Quizás el precio que todos hemos pagado ha sido muy alto.
Mis
padres y mi tía fallecieron en un accidente de tráfico cuando acudíamos a una
feria internacional sobre el aceite de oliva. De aquel fatídico día, yo, el
único que salvé la vida, he quedado postrado en una silla de ruedas, y con esta
sensación de que a veces se me va la cabeza.
Siento
una gran pena, ya que les animé a que me acompañasen al viaje. Me sentía
causante de lo ocurrido, y durante muchos meses me atormentaba con ello. ¡Pudo
ser evitable! ¡Si aquel kamikaze no hubiese entrado en la autovía en sentido
contrario! Cosas del destino.
Mis
primos fueron los pilares fundamentales para que pudiese soportar mi
sufrimiento y salir de la depresión que me había causado lo ocurrido. Quizás
fuese que aquella mañana, cuando de niños asistimos atónitos al comportamiento
de don José con la abuela, y poco después cuando la abuela salió en su defensa.
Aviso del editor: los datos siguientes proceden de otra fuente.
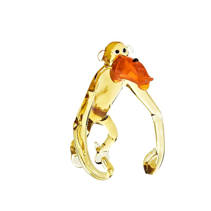 Sie kaufen 1 handgearbeitetes Glastier Affe, gelb, aus Kristallglas, ca. 6 x 15 cm, neu.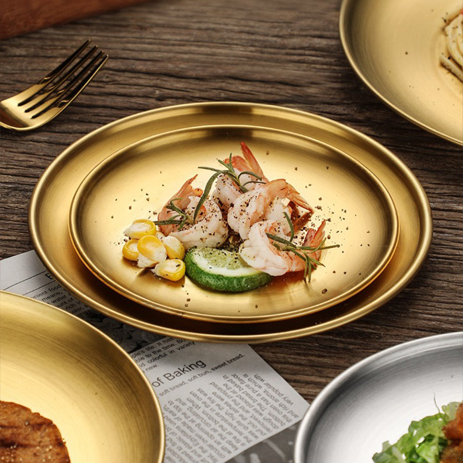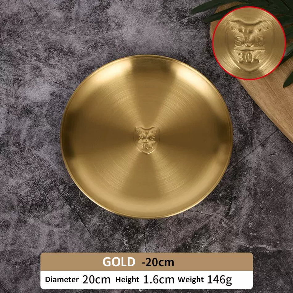 A gold plated barbecue plate. Made from stainless steel SUS304 material. Comes in 3 sizes 14cm, 17cm and 20cm.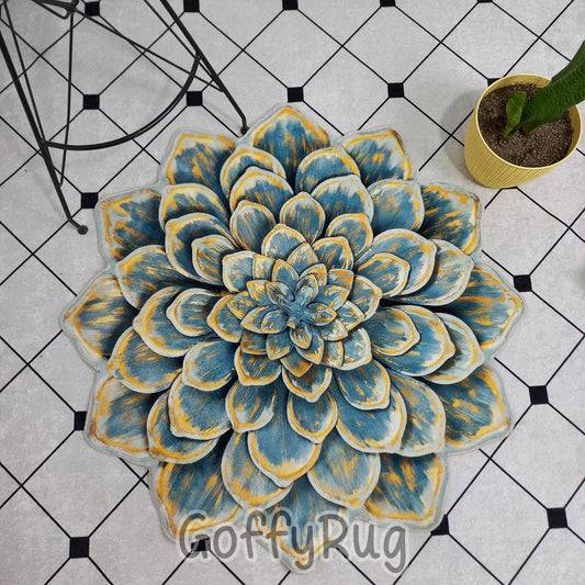 Lotus Flower Shaped Turquoise Carpet for Bedroom Kitchen Entrance Bathmat Non-Slip Washable Soft Thick Floral Mat Decor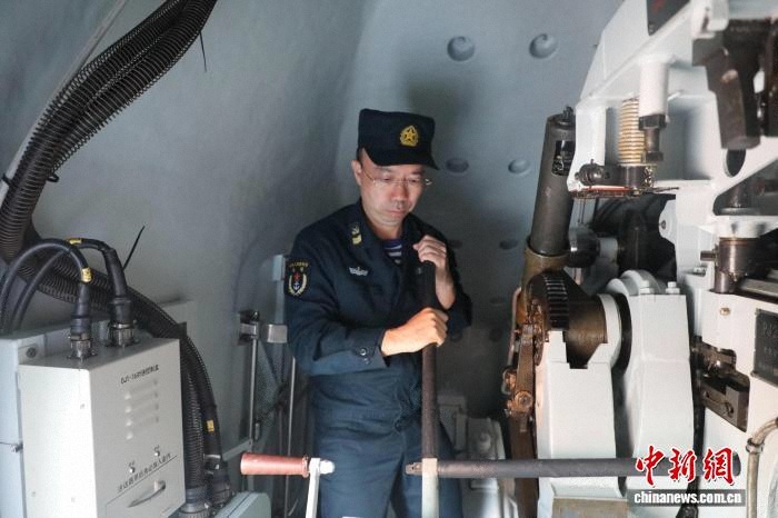 海軍資陽艦主炮區(qū)隊長馬少利在戰(zhàn)位工作。劉禮鵬 攝
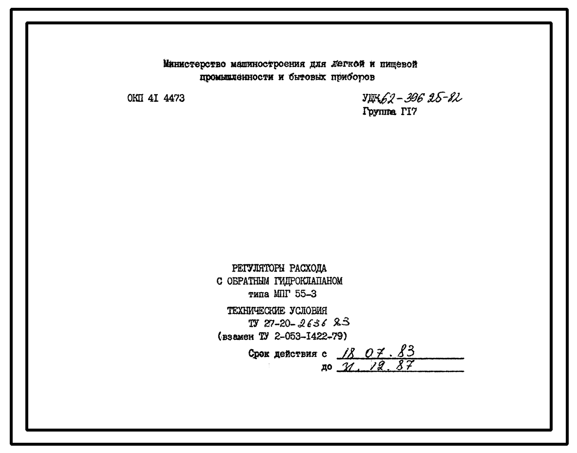 Шифр ТУ27-20-2636-83 Регуляторы расхода с обратным гидроклапаном типа МПГ 55-3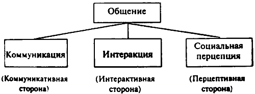Учитывая сложность общения, необходимо каким-то образом обозначить его структуру, чтобы затем возможен был анализ каждого элемента. К структуре общения можно подойти по-разному, как и к определению его функций. Мы предлагаем характеризовать структуру общения путем выделения в нем трех взаимосвязанных сторон: коммуникативной, интерактивной и перцептивной. Структура общения может быть схематично изображена следующим образом: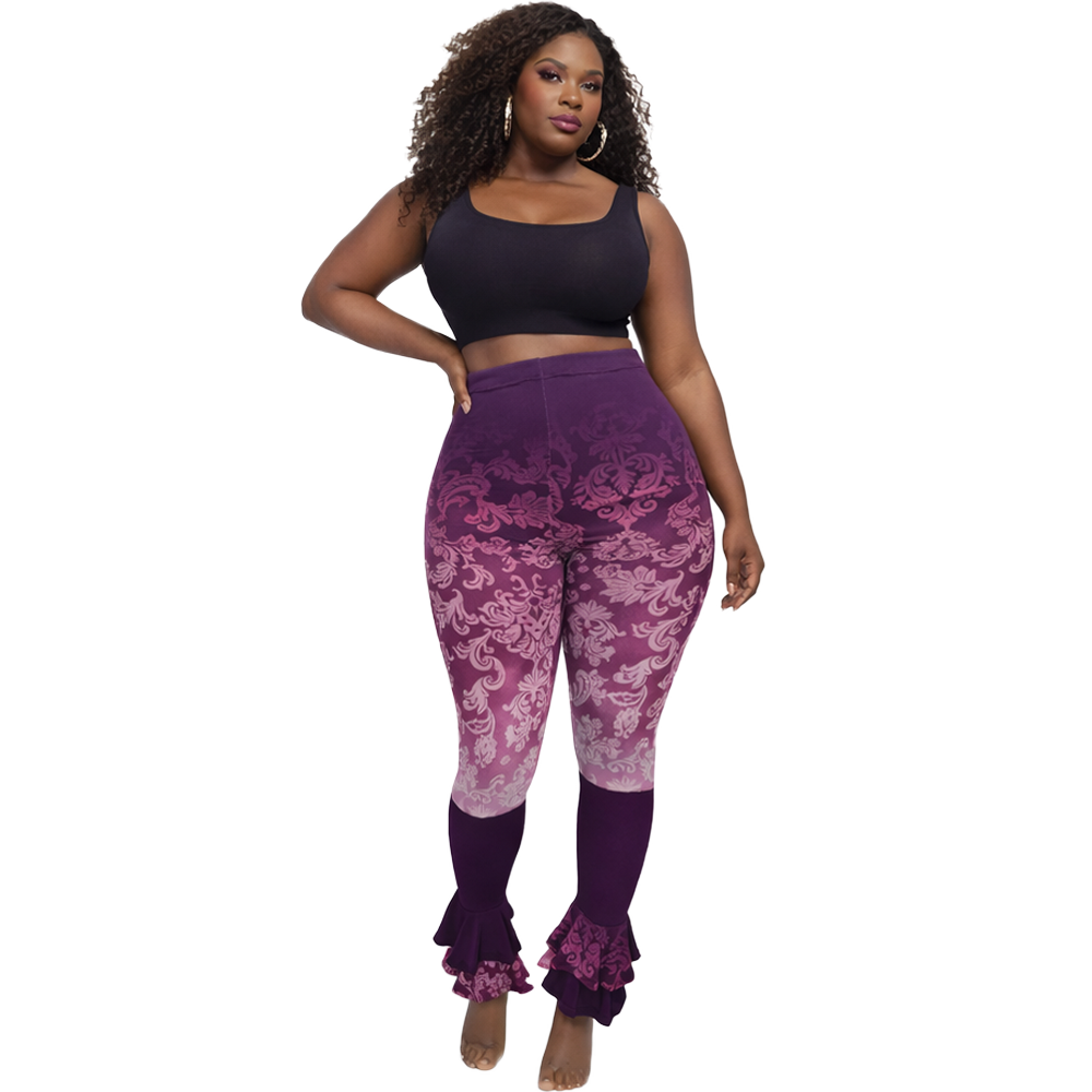 Imagine leggings that combine elegance with functionality. Made from soft, luxurious fabric, they hug your curves beautifully. A unique tulip ruffle detail at each ankle cascades like petals, adding a touch of romance and sophistication. Perfect for yoga, brunch, or a casual stroll, these leggings make you feel effortlessly feminine.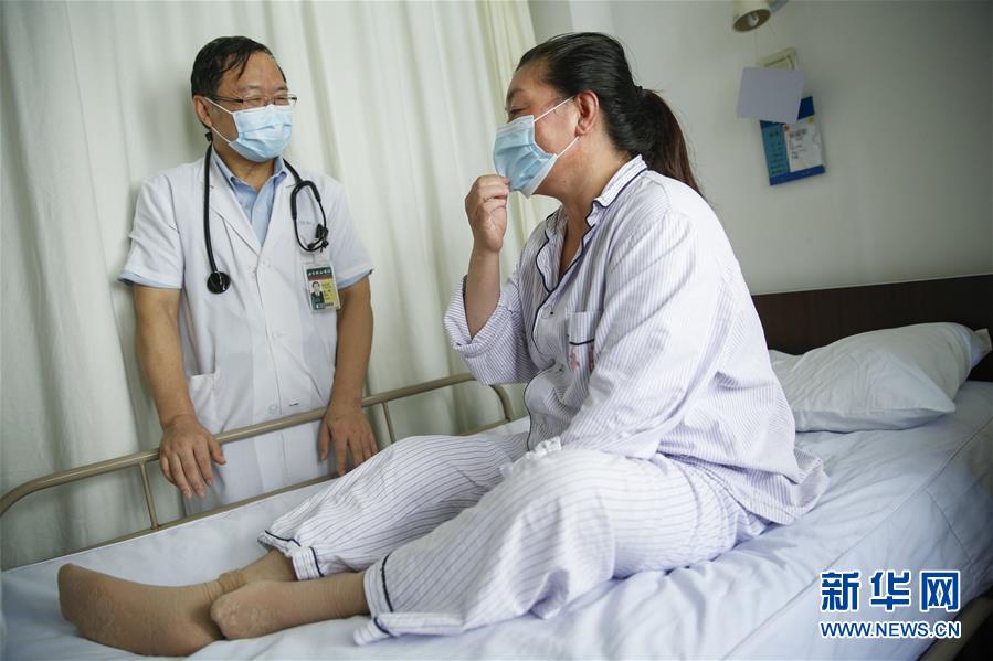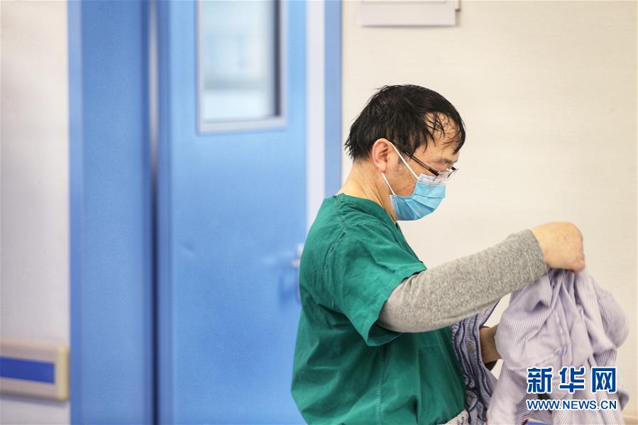 刘正印在湖北武汉同济医院中法新城院区离开病房浑身湿透(2月14日摄)。新华社发(崔萌 摄)

Por ventura, aprendimos una gran lección: que la familia es lo más importante.
Han
pasado tantos años de esta historia... A veces pierdo la memoria; el tiempo
pasa irremediablemente. Frente a la enorme chimenea del restaurante, en este
frío mes de enero, el calor de la lumbre no alivia el frío que siento en mis
huesos y me lleva a rememorar aquellos inviernos de mi infancia. Ahora mis
dolores son cada vez más insoportables. Postrado en mi silla de ruedas, siento
que se me escapa la vida. He creído ver a don José, a la abuela, a mis
padres... Mi tía también está con ellos…
El
libro que sostenía en mis manos ha caído al suelo. Oigo la voz de mi hijo
llamándome, pero no puedo responderle. En mi cara intento dibujar una sonrisa,
para que, cuando cierren mis ojos, a mi hijo no le produzca una enorme pena
haberle dejado de esta manera tan silenciosa. Sé que la familia es lo más
importante y estoy seguro de que, con su ayuda, sobrellevará mejor esta
aflicción que ahora le embarga.
Camino
hacia el interior de una fortísima luz blanca, que, contra todo pronóstico, no
daña mis ojos. Tengo ante mí a mis padres y a mi tía. Éstos han reconfortado mi
alma, eliminando de un plumazo el sentimiento de culpa que tenía a causa del
accidente que provocó su pérdida. El fortísimo abrazo que me han dado ha sido
como un bálsamo que ha curado mi pena. Don José me ha dado la mano, como cuando
era un crío. Todos juntos caminamos hacia el interior de esa luz. Más no puedo
evitar mirar hacia atrás: consigo ver la imagen de mi hijo abrazado a sus
primos, reconfortándole y animándole. Sonrío.
Sé que la familia es lo más importante en este duro trance para salir adelante.